— Work to be completed —
Please print the line that holds "so much more." and each line after it to the end of the data, word for word, without any pictures.

— Given data —

☆ ☆ ☆ ☆

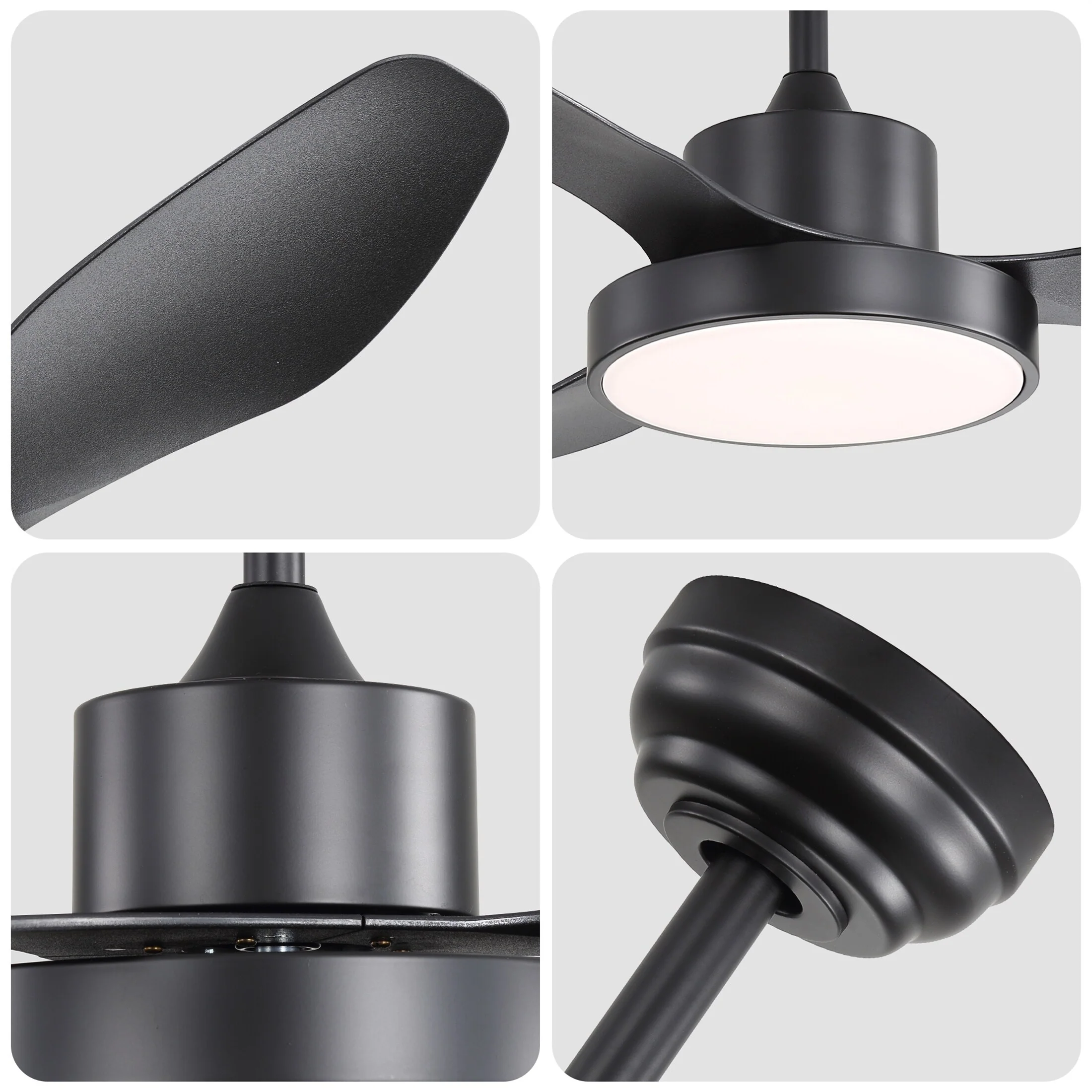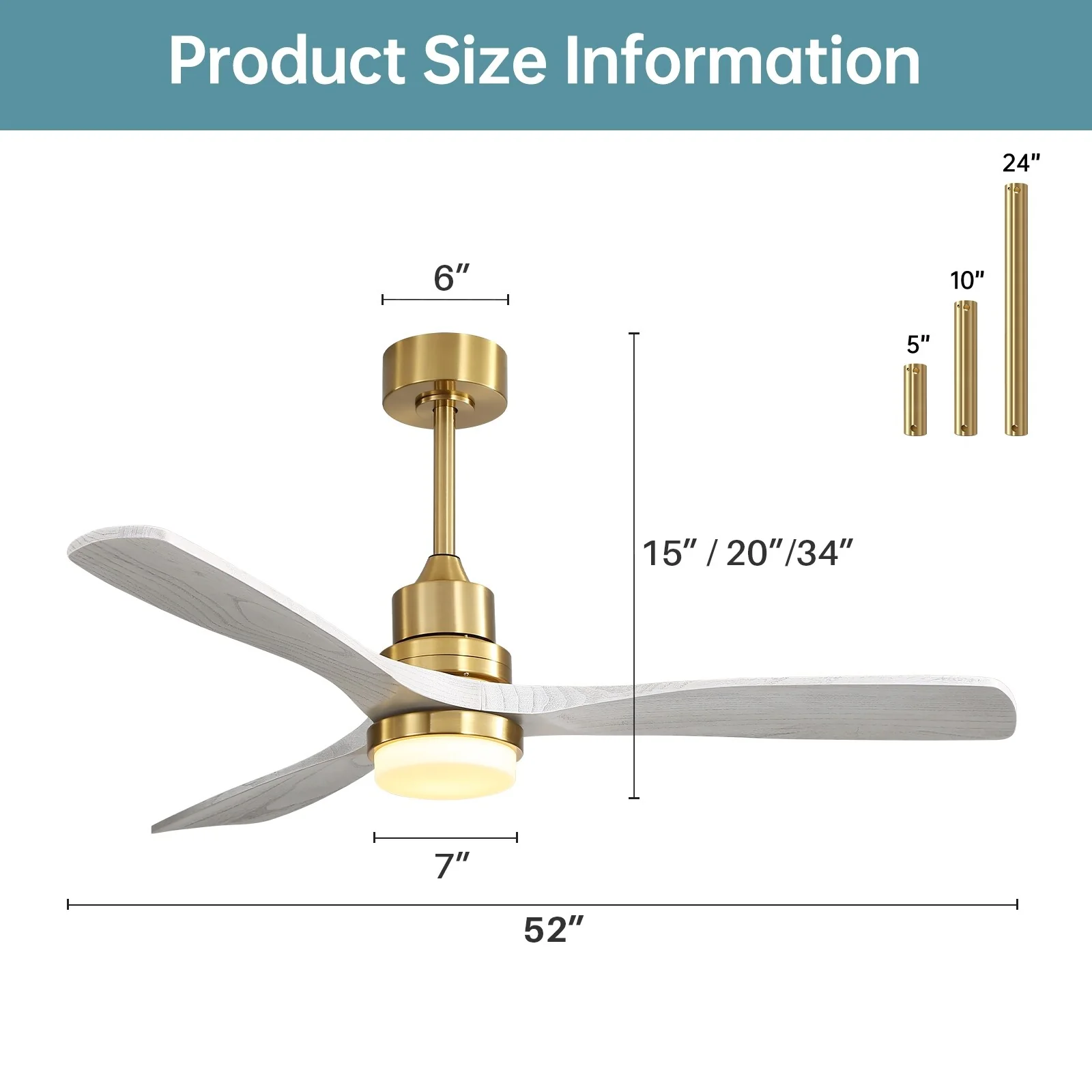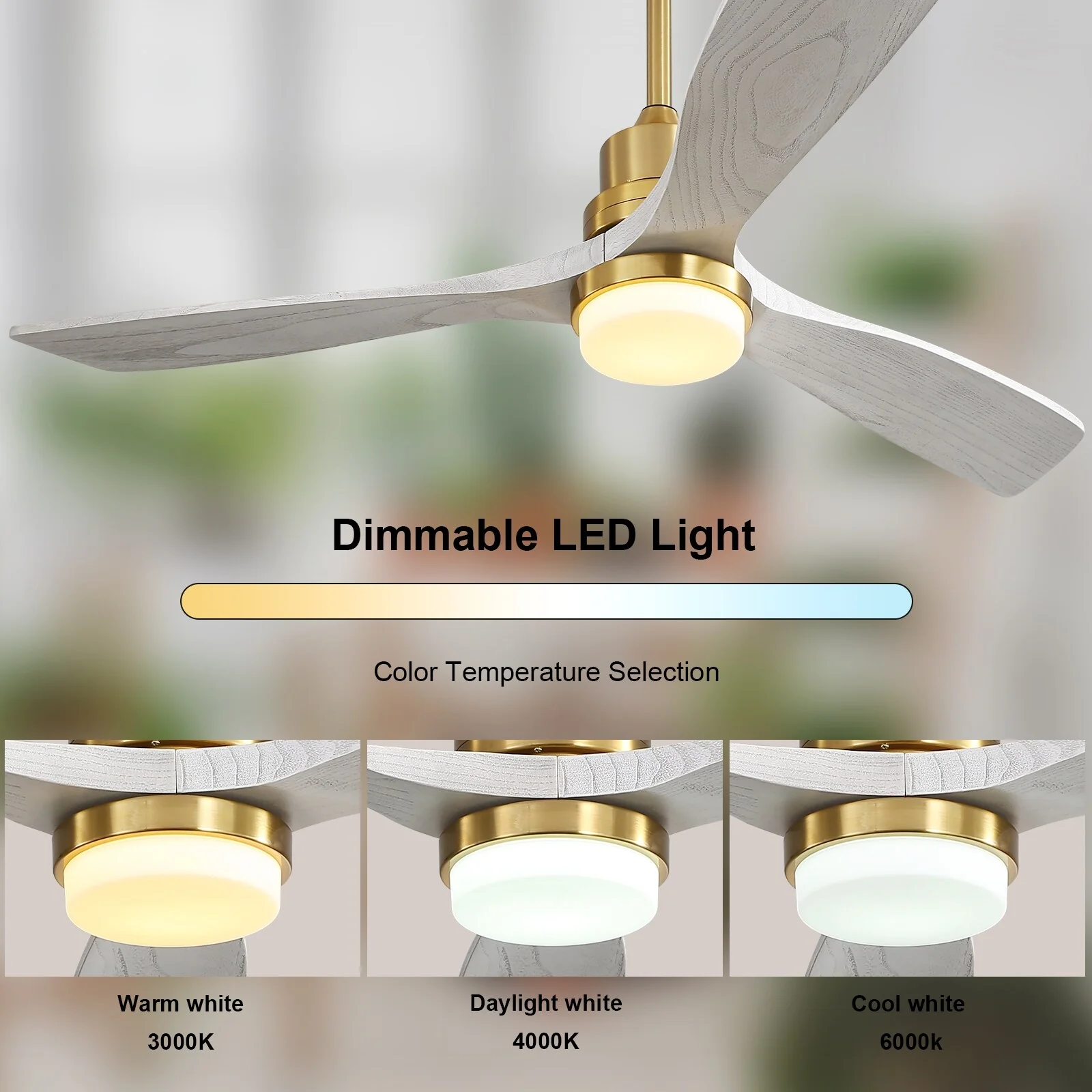 Sofucor 52" Modern Farmhouse Ceiling Fan With Light and Remote Solid Wood & 3 Blades - 52 Inches
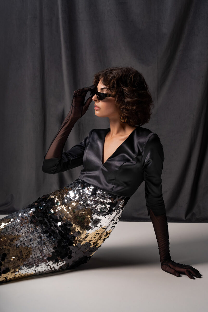 This dress features a sleek black, 3/4 sleeve bodice with a V-neckline paired with a high-waisted, floor-length skirt adorned with shimmering black, silver, and gold sequins in a stunning gradient effect. The fitted silhouette and dramatic flare exude elegance and modern glamour, perfect for a statement evening look.
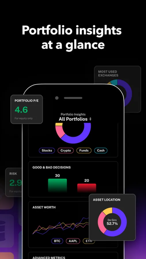 ▸ Portfolio Insights - Access all features and gain valuable insights into your investments. Modules include portfolio performance, portfolio diversity, good & bad investment decisions, most used exchanges, asset allocation, asset worth, portfolio P/E, risk level, and so much more.
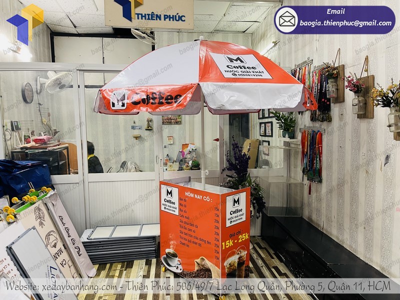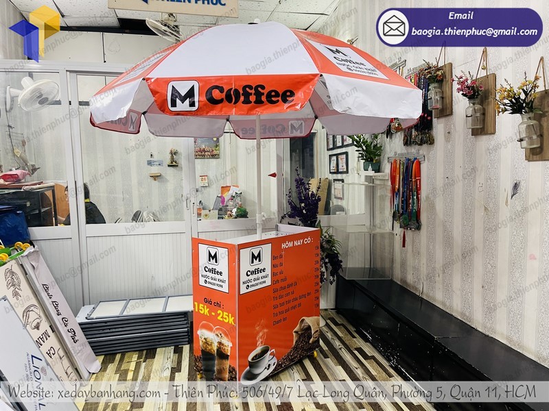 Khi mua sắm xe bán cafe tại Thiên Phúc sẽ thiết kế đề can theo yêu cầu của bạn để phát huy tối đa mọi ý tưởng bạn mong muốn. Từ đó, Thiên Phúc sẽ đảm bảo mang đến cho bạn chiếc xe bán cà phê gấp gọn độc đáo, thu hút và bắt mắt nhất.

☆ ☆ ☆ ☆

— Answer to this problem —
 ▸ Portfolio Insights - Access all features and gain valuable insights into your investments. Modules include portfolio performance, portfolio diversity, good & bad investment decisions, most used exchanges, asset allocation, asset worth, portfolio P/E, risk level, and so much more.
 Khi mua sắm xe bán cafe tại Thiên Phúc sẽ thiết kế đề can theo yêu cầu của bạn để phát huy tối đa mọi ý tưởng bạn mong muốn. Từ đó, Thiên Phúc sẽ đảm bảo mang đến cho bạn chiếc xe bán cà phê gấp gọn độc đáo, thu hút và bắt mắt nhất.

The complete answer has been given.